* [Material to process]:

__________

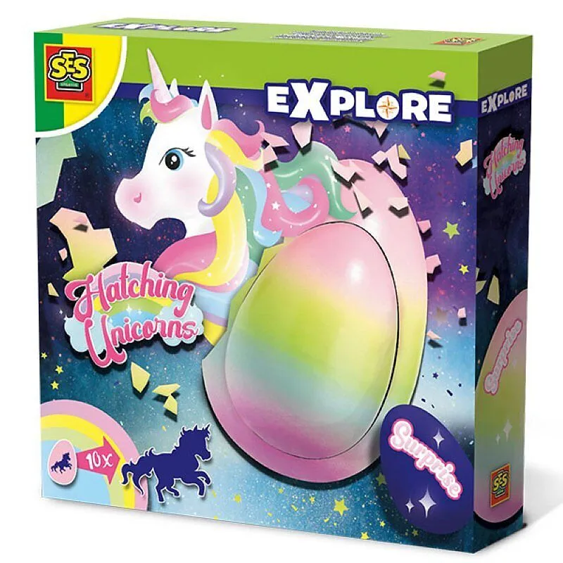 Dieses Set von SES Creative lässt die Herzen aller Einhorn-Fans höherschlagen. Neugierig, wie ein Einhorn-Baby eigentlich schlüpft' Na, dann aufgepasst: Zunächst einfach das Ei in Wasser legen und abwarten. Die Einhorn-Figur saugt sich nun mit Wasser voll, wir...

__________

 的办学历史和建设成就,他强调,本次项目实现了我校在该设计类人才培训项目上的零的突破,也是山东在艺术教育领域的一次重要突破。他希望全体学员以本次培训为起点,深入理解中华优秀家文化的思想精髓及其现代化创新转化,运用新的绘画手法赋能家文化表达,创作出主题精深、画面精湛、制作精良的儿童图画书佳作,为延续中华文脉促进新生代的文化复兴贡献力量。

__________

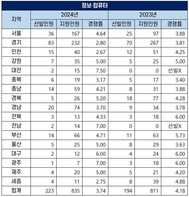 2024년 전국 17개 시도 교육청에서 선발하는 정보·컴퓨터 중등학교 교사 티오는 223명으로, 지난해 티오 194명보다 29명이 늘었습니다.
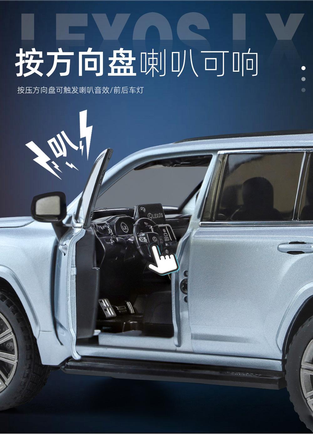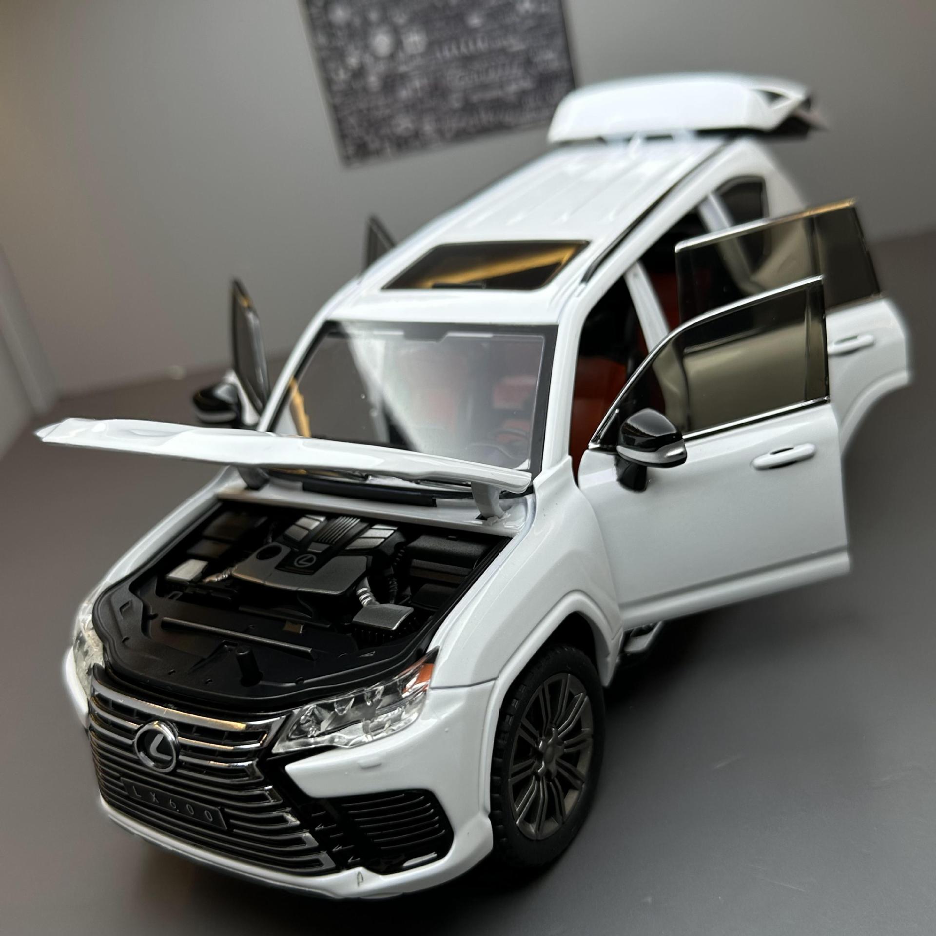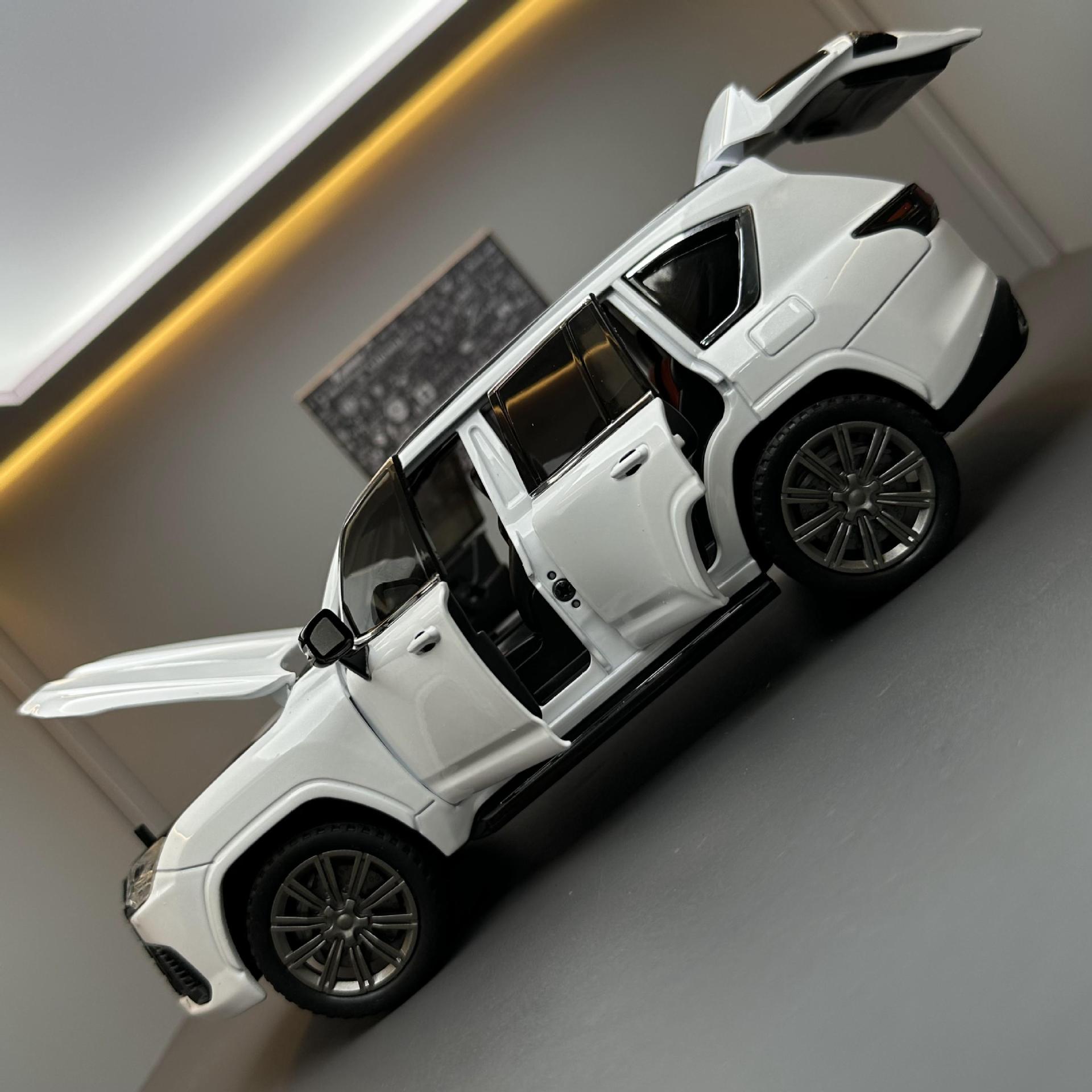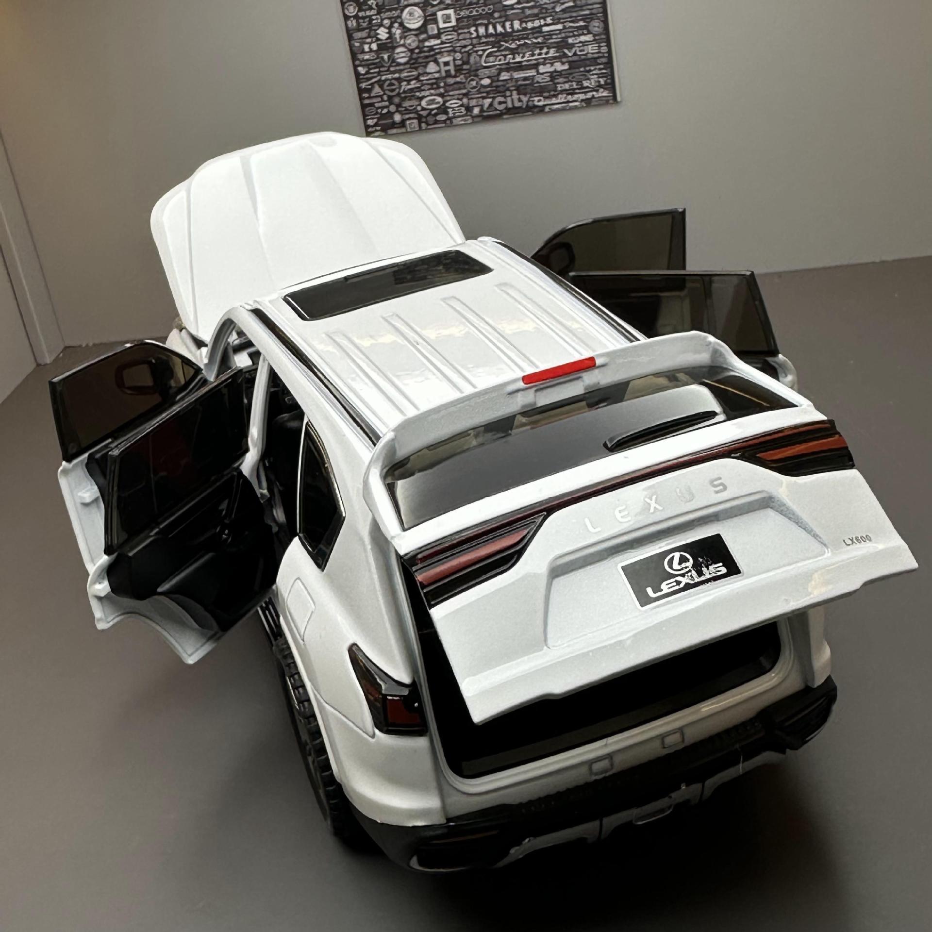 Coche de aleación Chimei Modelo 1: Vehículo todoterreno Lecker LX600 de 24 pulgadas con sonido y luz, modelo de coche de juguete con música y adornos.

__________

* [Exercise requirements]: Look above for the line with "2024년 전국 17개" and the line with "Coche de aleación". Output those two and everything between them exactly, pictures excluded.

* [Completed task]:
 2024년 전국 17개 시도 교육청에서 선발하는 정보·컴퓨터 중등학교 교사 티오는 223명으로, 지난해 티오 194명보다 29명이 늘었습니다.
 Coche de aleación Chimei Modelo 1: Vehículo todoterreno Lecker LX600 de 24 pulgadas con sonido y luz, modelo de coche de juguete con música y adornos.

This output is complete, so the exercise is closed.